Newsday, the Long Island newspaper, announced Monday that it avoided layoffs when 36 employees took the buyout offer. According to this report on Defamer, that number includes the paper's entire movie section: Movie editor Pat Wiedenkeller and critics Jan Stuart and Gene Seymour.
(David Poland, editor of Movie City News, blogs that the Newsday moves will leave only five full-time movie critics within the 11 major dailies of the Tribune Company chain: Carina Chocano and Kenneth Turan at the Los Angeles Times, Michael Phillips at the Chicago Tribune, Michael Sragow at the Baltimore Sun, and Roger Moore at the Orlando Sentinel.)
Closer to home for the Cricket, two critics' jobs at papers in the Media News Group chain (which also owns The Salt Lake Tribune) are going away.
At the San Jose Mercury News, critic Bruce Newman has reportedly been reassigned to a general-features beat. And Mary F. Pols, the critic for the Contra Costa Times, is listed here as one of 107 employees at MNG's Bay Area papers to take a buyout offer.
(The Cricket counts these critics still working for MNG papers: Himself, Lisa Kennedy at the Denver Post, Tom Long at the Detroit News, Chris Hewitt at the St. Paul Pioneer Press, and Glenn Whipp and Bob Strauss at the L.A. Daily News. There may be others, though, that have slipped the Cricket's mind.)
When the folks who own newspapers run the numbers, the math tells them that a staff movie critic can be more expensive than running wire-service reviews. But something else is lost: The flavor of a unique voice.
Look at what happened to the San Diego Union-Tribune, which found itself apologizing for running an AP review of "The Other Boleyn Girl" that was deemed sexist. (Hat tip: Movie City News.)
Every time we lose a movie critic's job, we lose a unique voice championing movies. Often that voice is female or a person of color (Pols, for example, is a member of the Alliance of Women Film Journalists), in a profession that needs as much diversity as possible.
Labels: disappearing critics



2 Comments:
The sad truth is that studios don't want critics, because critics tell the truth about film (or they're supposed to).
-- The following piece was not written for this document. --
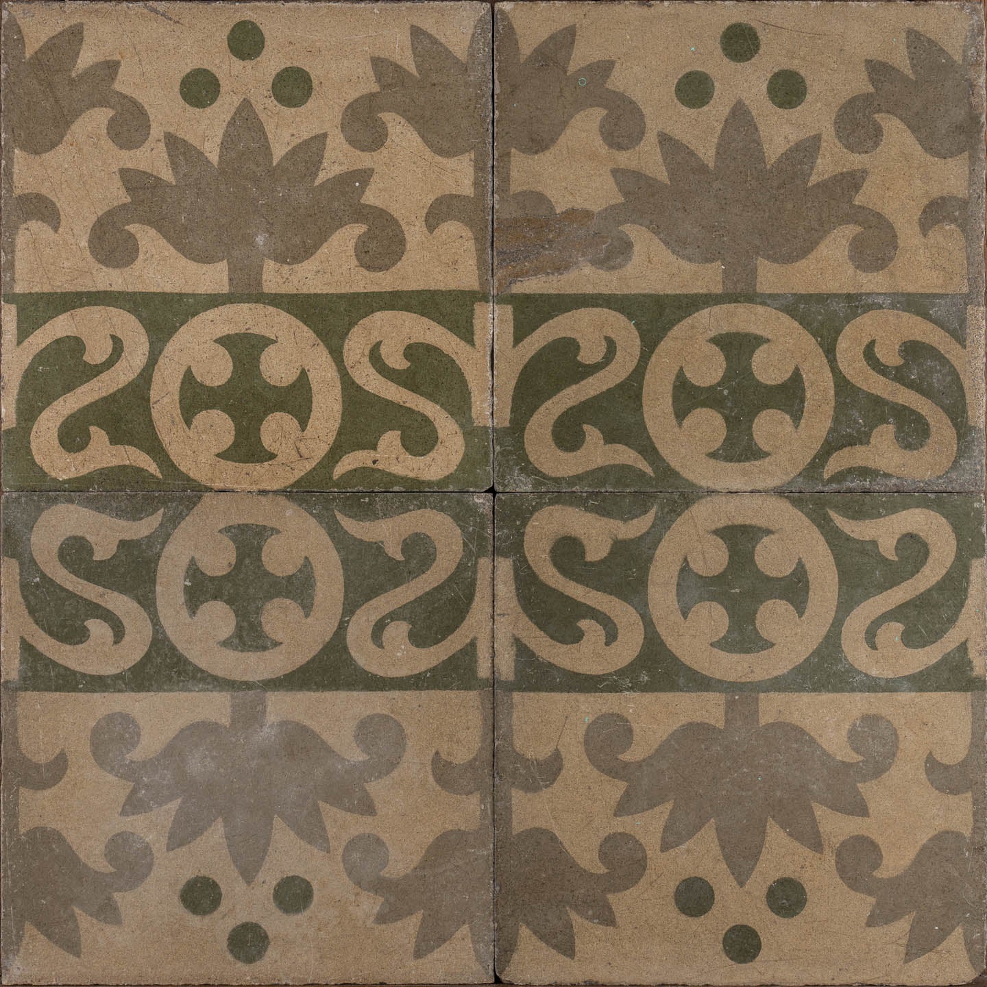 An intricate design in grey and white with a splash of green. Floral and royal aspects, salvaged from Barcelona and absolutely stunning and elegant.

And as the business connections between publishers and studios grow more intertwined, I'm afraid media outlets will simply look at critics as something unnecessary. After all, all you need to know about what a film's about, and how it's what it's about (to paraphrase Ebert), you can learn from trailers and Entertainment Tonight and press releases, right?
I'm pulling for you, Sean, but I'm really pessimistic and cynical about how long your job will be allowed to last in the 21st century world of megamedia domination.
I've posted similar comments on other blogs, but at the risk of repeating myself:
Newspaper execs say they can save money by using wire reviews instead of paying a full-time critic. This is true, but the corollary is also true: that there are thousands of other venues out there, both print and online, using those same canned reviews. By forcing a generic product onto your readers, you're giving them a push to go elsewhere. And you've given them one less reason to see your paper as indispensable.
Tribune only has five full-time critics now. MediaNews has just a handful. Gannett has only USA Today and Phoenix. When I left the Florida Film Critics' Circle in 2005, we had about 17 members. I think they're down to three or four now.
We will soon reach a state where all reviews come from NY, LA or AP.